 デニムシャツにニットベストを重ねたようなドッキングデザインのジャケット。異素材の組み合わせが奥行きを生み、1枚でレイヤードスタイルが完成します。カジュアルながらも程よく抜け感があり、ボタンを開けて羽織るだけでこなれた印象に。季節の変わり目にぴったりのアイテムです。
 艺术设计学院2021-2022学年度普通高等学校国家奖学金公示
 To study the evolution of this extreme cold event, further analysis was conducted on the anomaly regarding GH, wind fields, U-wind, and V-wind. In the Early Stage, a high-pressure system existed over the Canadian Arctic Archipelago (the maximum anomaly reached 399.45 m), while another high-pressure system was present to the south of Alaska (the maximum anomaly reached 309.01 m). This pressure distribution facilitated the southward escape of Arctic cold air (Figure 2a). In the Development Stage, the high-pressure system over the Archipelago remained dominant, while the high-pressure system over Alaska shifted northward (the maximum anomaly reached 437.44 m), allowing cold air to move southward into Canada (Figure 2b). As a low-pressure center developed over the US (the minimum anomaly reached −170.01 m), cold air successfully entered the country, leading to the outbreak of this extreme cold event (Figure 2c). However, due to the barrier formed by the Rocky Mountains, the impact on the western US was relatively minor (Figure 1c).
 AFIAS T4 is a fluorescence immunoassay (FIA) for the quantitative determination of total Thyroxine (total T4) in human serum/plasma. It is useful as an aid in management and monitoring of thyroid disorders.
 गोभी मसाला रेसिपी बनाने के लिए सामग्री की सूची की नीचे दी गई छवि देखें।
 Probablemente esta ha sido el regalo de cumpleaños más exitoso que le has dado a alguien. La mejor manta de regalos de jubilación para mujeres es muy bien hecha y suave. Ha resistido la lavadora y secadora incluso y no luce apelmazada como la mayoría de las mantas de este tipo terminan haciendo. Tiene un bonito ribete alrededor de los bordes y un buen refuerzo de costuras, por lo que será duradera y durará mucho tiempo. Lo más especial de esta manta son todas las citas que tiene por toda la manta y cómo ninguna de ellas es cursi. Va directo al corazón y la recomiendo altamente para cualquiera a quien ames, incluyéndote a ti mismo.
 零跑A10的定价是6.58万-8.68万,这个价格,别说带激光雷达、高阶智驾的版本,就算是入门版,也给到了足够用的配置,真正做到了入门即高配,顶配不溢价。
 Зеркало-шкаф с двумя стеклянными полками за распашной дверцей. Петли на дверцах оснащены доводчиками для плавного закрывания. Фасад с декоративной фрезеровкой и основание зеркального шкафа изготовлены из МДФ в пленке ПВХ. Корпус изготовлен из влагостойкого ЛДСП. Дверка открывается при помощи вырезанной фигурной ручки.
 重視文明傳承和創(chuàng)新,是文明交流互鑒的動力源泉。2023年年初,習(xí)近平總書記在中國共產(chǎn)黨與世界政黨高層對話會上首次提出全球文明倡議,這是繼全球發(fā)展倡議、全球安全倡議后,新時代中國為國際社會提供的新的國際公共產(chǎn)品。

YOUR TASK -> Word for word, copy the listing above in its entirety.

RESPONSE FOR THIS EXERCISE ->
 デニムシャツにニットベストを重ねたようなドッキングデザインのジャケット。異素材の組み合わせが奥行きを生み、1枚でレイヤードスタイルが完成します。カジュアルながらも程よく抜け感があり、ボタンを開けて羽織るだけでこなれた印象に。季節の変わり目にぴったりのアイテムです。
 艺术设计学院2021-2022学年度普通高等学校国家奖学金公示
 To study the evolution of this extreme cold event, further analysis was conducted on the anomaly regarding GH, wind fields, U-wind, and V-wind. In the Early Stage, a high-pressure system existed over the Canadian Arctic Archipelago (the maximum anomaly reached 399.45 m), while another high-pressure system was present to the south of Alaska (the maximum anomaly reached 309.01 m). This pressure distribution facilitated the southward escape of Arctic cold air (Figure 2a). In the Development Stage, the high-pressure system over the Archipelago remained dominant, while the high-pressure system over Alaska shifted northward (the maximum anomaly reached 437.44 m), allowing cold air to move southward into Canada (Figure 2b). As a low-pressure center developed over the US (the minimum anomaly reached −170.01 m), cold air successfully entered the country, leading to the outbreak of this extreme cold event (Figure 2c). However, due to the barrier formed by the Rocky Mountains, the impact on the western US was relatively minor (Figure 1c).
 AFIAS T4 is a fluorescence immunoassay (FIA) for the quantitative determination of total Thyroxine (total T4) in human serum/plasma. It is useful as an aid in management and monitoring of thyroid disorders.
 गोभी मसाला रेसिपी बनाने के लिए सामग्री की सूची की नीचे दी गई छवि देखें।
 Probablemente esta ha sido el regalo de cumpleaños más exitoso que le has dado a alguien. La mejor manta de regalos de jubilación para mujeres es muy bien hecha y suave. Ha resistido la lavadora y secadora incluso y no luce apelmazada como la mayoría de las mantas de este tipo terminan haciendo. Tiene un bonito ribete alrededor de los bordes y un buen refuerzo de costuras, por lo que será duradera y durará mucho tiempo. Lo más especial de esta manta son todas las citas que tiene por toda la manta y cómo ninguna de ellas es cursi. Va directo al corazón y la recomiendo altamente para cualquiera a quien ames, incluyéndote a ti mismo.
 零跑A10的定价是6.58万-8.68万,这个价格,别说带激光雷达、高阶智驾的版本,就算是入门版,也给到了足够用的配置,真正做到了入门即高配,顶配不溢价。
 Зеркало-шкаф с двумя стеклянными полками за распашной дверцей. Петли на дверцах оснащены доводчиками для плавного закрывания. Фасад с декоративной фрезеровкой и основание зеркального шкафа изготовлены из МДФ в пленке ПВХ. Корпус изготовлен из влагостойкого ЛДСП. Дверка открывается при помощи вырезанной фигурной ручки.
 重視文明傳承和創(chuàng)新,是文明交流互鑒的動力源泉。2023年年初,習(xí)近平總書記在中國共產(chǎn)黨與世界政黨高層對話會上首次提出全球文明倡議,這是繼全球發(fā)展倡議、全球安全倡議后,新時代中國為國際社會提供的新的國際公共產(chǎn)品。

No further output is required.